# [EXTRACTED ENTRIES]
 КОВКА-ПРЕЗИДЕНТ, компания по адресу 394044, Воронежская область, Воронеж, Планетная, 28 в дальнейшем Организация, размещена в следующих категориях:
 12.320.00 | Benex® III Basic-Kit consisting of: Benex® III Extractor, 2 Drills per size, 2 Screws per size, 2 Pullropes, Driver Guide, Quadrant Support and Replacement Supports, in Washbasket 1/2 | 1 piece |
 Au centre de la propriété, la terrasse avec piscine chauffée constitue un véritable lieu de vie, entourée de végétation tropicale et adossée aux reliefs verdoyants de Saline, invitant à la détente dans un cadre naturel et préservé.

==

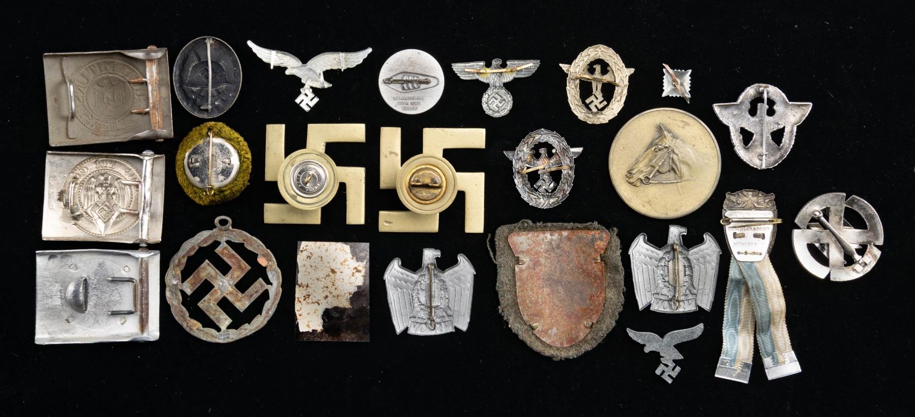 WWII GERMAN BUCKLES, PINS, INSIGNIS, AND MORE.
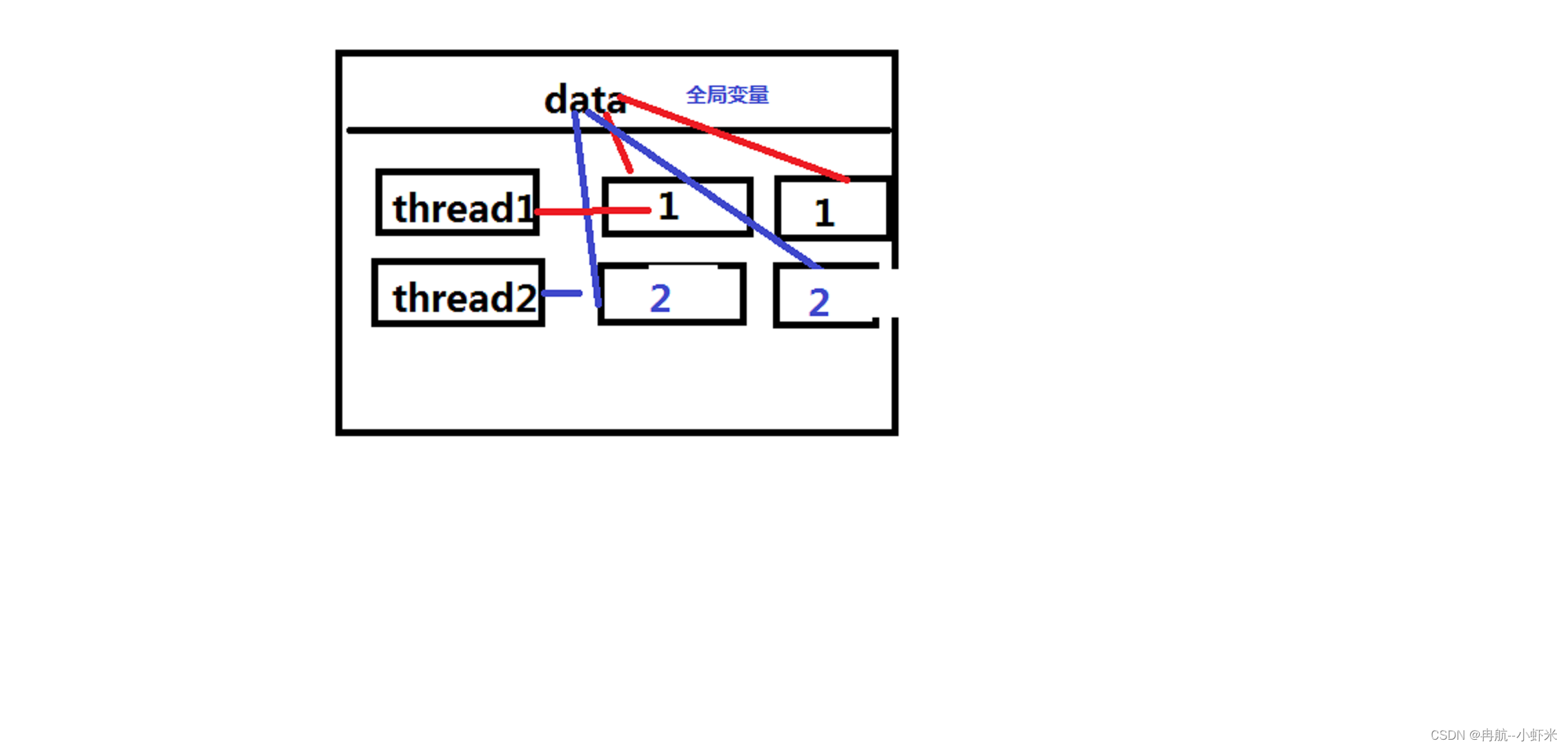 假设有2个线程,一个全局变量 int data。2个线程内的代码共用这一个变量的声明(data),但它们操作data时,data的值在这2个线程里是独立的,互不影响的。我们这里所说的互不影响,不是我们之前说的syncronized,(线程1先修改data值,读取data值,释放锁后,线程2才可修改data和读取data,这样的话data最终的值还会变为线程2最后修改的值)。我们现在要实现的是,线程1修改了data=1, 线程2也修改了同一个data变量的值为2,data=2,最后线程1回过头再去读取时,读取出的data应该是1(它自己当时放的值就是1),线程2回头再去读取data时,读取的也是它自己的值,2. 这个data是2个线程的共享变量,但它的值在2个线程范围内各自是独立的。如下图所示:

--

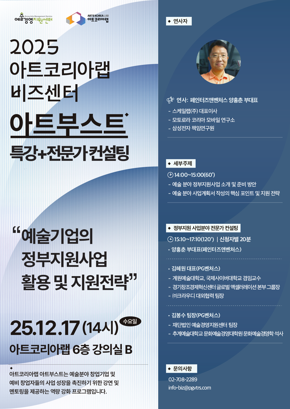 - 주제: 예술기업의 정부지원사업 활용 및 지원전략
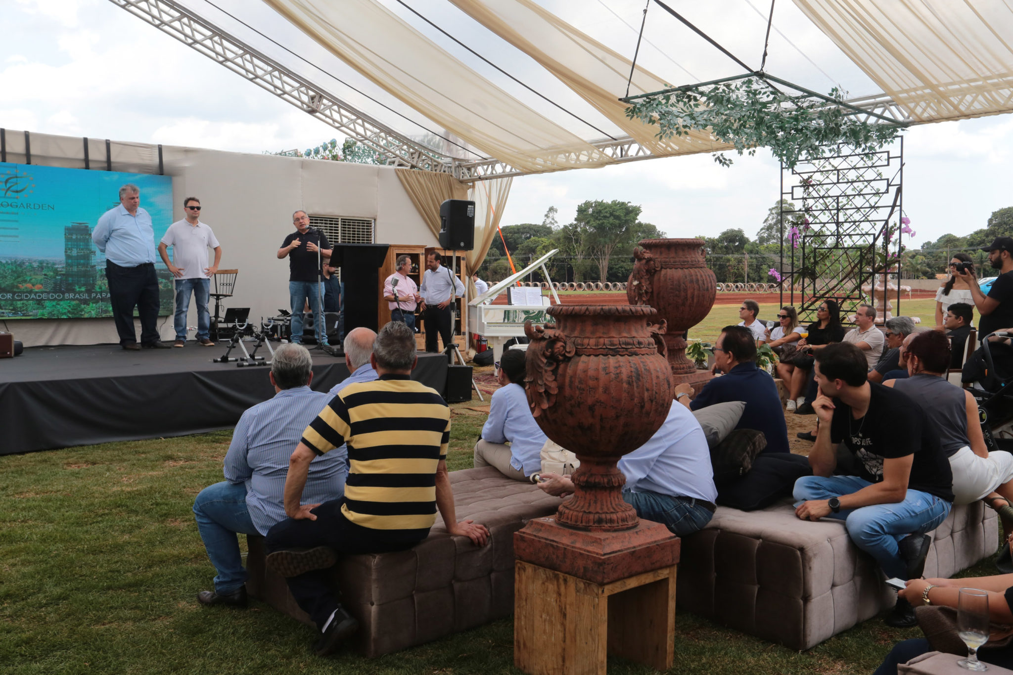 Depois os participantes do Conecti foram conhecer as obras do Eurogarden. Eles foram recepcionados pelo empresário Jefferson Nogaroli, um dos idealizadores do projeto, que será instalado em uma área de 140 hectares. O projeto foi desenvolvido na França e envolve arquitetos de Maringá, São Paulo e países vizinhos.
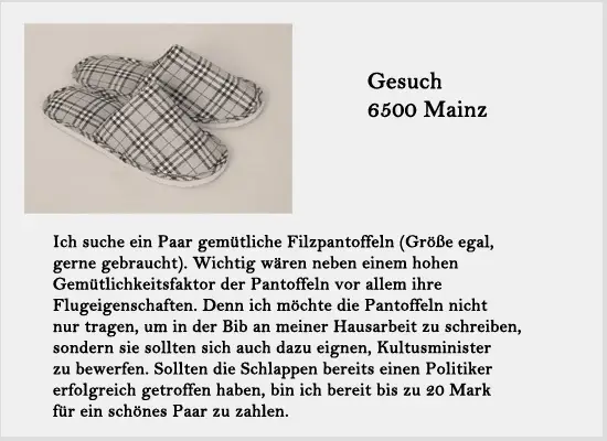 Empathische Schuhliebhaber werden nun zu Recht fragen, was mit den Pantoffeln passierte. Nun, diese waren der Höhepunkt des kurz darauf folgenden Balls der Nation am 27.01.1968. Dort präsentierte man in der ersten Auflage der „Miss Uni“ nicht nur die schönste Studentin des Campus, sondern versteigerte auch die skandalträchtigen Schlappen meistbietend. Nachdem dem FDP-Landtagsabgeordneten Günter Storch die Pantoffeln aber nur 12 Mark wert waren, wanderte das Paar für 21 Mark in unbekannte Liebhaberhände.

# [WHAT TO DO]
Everything above from the line containing "КОВКА-ПРЕЗИДЕНТ, компания по" down to the line containing "Au centre de" is to be transcribed exactly, with both of those lines included and nothing else added.

# [SOLUTION TO THE EXERCISE]
 КОВКА-ПРЕЗИДЕНТ, компания по адресу 394044, Воронежская область, Воронеж, Планетная, 28 в дальнейшем Организация, размещена в следующих категориях:
 12.320.00 | Benex® III Basic-Kit consisting of: Benex® III Extractor, 2 Drills per size, 2 Screws per size, 2 Pullropes, Driver Guide, Quadrant Support and Replacement Supports, in Washbasket 1/2 | 1 piece |
 Au centre de la propriété, la terrasse avec piscine chauffée constitue un véritable lieu de vie, entourée de végétation tropicale et adossée aux reliefs verdoyants de Saline, invitant à la détente dans un cadre naturel et préservé.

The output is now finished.